Derivatives at a point are numbers (and these numbers are calculated as limits of a certain quotient), and if for each point you assign a number which is the derivative at that point, then you of course get a function $\Bbb{R}\to \Bbb{R}$. Leibniz's notation is confusing because it doesn't tell you where the derivatives are being evaluated, hence blurs the distinction between functions vs function values. (it may not seem like such a big deal especially when doing simple problems, but I guarantee that it will quickly get very confusing in multivariable calculus if all these basic concepts aren't kept straight).

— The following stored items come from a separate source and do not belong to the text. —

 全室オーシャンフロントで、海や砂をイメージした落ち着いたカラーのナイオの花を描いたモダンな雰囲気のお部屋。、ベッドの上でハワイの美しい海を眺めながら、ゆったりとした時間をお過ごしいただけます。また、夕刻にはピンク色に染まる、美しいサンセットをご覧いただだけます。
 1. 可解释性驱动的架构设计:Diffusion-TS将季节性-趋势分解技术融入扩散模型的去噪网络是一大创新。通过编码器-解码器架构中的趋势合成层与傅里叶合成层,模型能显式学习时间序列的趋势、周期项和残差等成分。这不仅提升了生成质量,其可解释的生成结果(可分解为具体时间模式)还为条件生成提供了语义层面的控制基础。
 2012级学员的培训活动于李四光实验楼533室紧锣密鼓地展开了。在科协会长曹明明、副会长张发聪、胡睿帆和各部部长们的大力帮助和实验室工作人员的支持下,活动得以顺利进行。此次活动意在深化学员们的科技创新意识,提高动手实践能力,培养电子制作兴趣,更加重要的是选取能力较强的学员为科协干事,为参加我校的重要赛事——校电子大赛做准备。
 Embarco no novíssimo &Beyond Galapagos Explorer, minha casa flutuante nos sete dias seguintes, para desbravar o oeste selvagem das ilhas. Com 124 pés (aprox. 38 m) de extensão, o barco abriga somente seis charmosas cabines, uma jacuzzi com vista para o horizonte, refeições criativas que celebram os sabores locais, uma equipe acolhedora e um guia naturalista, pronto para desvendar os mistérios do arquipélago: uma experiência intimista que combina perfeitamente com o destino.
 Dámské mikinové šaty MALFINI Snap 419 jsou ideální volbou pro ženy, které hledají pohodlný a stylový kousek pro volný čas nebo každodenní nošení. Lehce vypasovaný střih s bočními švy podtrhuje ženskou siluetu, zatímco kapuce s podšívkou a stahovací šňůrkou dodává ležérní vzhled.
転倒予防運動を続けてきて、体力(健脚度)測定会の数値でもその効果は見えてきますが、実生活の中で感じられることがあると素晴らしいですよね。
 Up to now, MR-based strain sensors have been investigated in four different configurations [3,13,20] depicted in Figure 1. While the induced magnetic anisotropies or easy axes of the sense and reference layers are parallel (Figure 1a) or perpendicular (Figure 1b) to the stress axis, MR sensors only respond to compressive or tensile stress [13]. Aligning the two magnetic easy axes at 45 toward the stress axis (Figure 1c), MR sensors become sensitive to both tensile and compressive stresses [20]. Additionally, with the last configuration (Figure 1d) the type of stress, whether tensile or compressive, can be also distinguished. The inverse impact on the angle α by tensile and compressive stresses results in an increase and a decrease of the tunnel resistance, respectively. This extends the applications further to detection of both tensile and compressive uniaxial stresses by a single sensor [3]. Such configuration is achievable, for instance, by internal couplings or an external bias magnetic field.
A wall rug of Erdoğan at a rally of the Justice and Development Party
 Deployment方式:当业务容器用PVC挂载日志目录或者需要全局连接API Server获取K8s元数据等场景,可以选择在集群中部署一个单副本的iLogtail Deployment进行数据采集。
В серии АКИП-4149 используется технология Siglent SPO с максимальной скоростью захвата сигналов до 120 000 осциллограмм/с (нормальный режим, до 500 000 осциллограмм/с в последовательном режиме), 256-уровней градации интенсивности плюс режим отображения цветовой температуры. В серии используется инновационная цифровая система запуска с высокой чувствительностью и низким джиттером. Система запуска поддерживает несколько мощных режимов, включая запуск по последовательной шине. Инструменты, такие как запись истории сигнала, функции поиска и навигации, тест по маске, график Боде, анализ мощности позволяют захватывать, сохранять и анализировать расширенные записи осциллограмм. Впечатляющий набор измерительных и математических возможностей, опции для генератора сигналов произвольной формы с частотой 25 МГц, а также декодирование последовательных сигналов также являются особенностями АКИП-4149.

Writing the chain rule as $\dfrac{dy}{dx} = \dfrac{dy}{du} \dfrac{du}{dx}$ is inaccurate for several reasons:

It introduces completely irrelevant letters in the denominator (an unfixable flaw with Leibniz's notation)
Doesn't tell you where the derivatives (which are functions as I explained in my previous paragraph) are being evaluated (you can try to make this more precise, but then you lose the "simplicity" of Leibniz's notation).
The $y$ on the LHS has a completely different meaning from the $y$ on the RHS (this wouldn't be a huge deal if there was no chance of confusion... but unfortunately it causes a lot of confusion especially in several variables; see link below)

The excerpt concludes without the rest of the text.